Ludwig Landgrebe (Vienna 9 March 1902; Cologne 14 August 1991) was an Austrian phenomenologist and Professor of philosophy. He is the grandfather of award-winning German actor Max Landgrebe.
Landgrebe studied philosophy, history and geography in Vienna. Influenced by Max Scheler, he continued his studies in Freiburg. In 1923 Landgrebe became assistant to Edmund Husserl (1859-1938). After the approval of his doctoral dissertation, Landgrebe transferred to Prague for his postdoctoral qualification under Oskar Kraus. From 1939 he collaborated with Eugen Fink at the Husserl-Archives in Leuven. Landgrebe's wife, Ilse Maria Goldschmidt, was of Jewish ancestry and sister of the writer Georges-Arthur Goldschmidt. In 1940 Landgrebe was deported to Belgium. He worked part-time as a merchant assistant in Hamburg.

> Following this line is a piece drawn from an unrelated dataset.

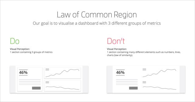 Stephen Palmer和Irvin Rock在1999年提出「连续性法则」,即如果元素共享具有明确界限的区域,则它们倾向于分成一个组。在设计中我们经常使用卡片式来对相关元素组合起来。
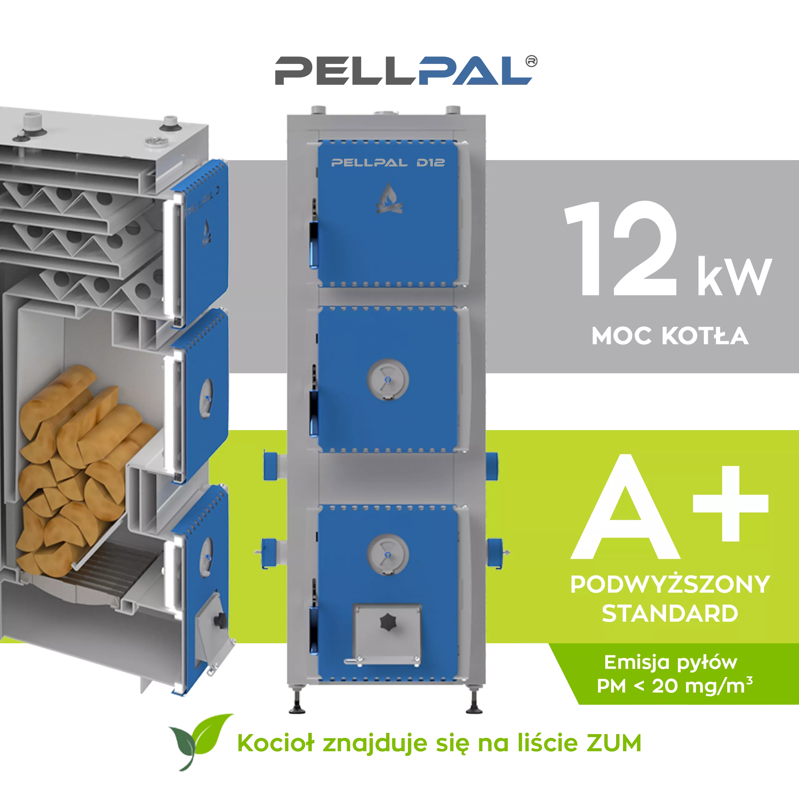 Kocioł piec PellPal D o mocy 12 kW to piec służący do spalania drewna - zagazowania drewna. Jest kotłem centralnego ogrzewania bez automatyki. Proces spalania opału regulowany jest poprzez miarkownik ciągu powietrza Regulus. Kocioł posiada komorę spalania wyposażoną w ruszt żeliwny. Spełnia wymogi normy EN 303-5 i ekoprojektu. Ma wysoką sprawność i w badaniach osiągnął klasę energetyczną A+. Kocioł doskonale nadaje się do ogrzewania budynków a także do ogrzewania wodny na potrzeby użytkowe. Może pracować w układzie otwartym ale również przy wyposażeniu instalacji grzewczej w niezbędne zabezpieczenia można go zamontować w układzie zamkniętym.

In 1945 Landgrebe had his post-doctorate reapproved in Hamburg, and he was made ordinary professor in 1947 in Kiel, where Hans Blumenberg was one of his students. In 1954 he transferred to Cologne, and become director of the Husserl-Archives there. Landgrebe is known as one of Husserl's closest associates, but also for his independent views relating to the subjects of history, religion and politics, as seen from the viewpoints of existentialist philosophy and metaphysics. Metaphysics - Man's reflective remembrance, upon the whole of his being.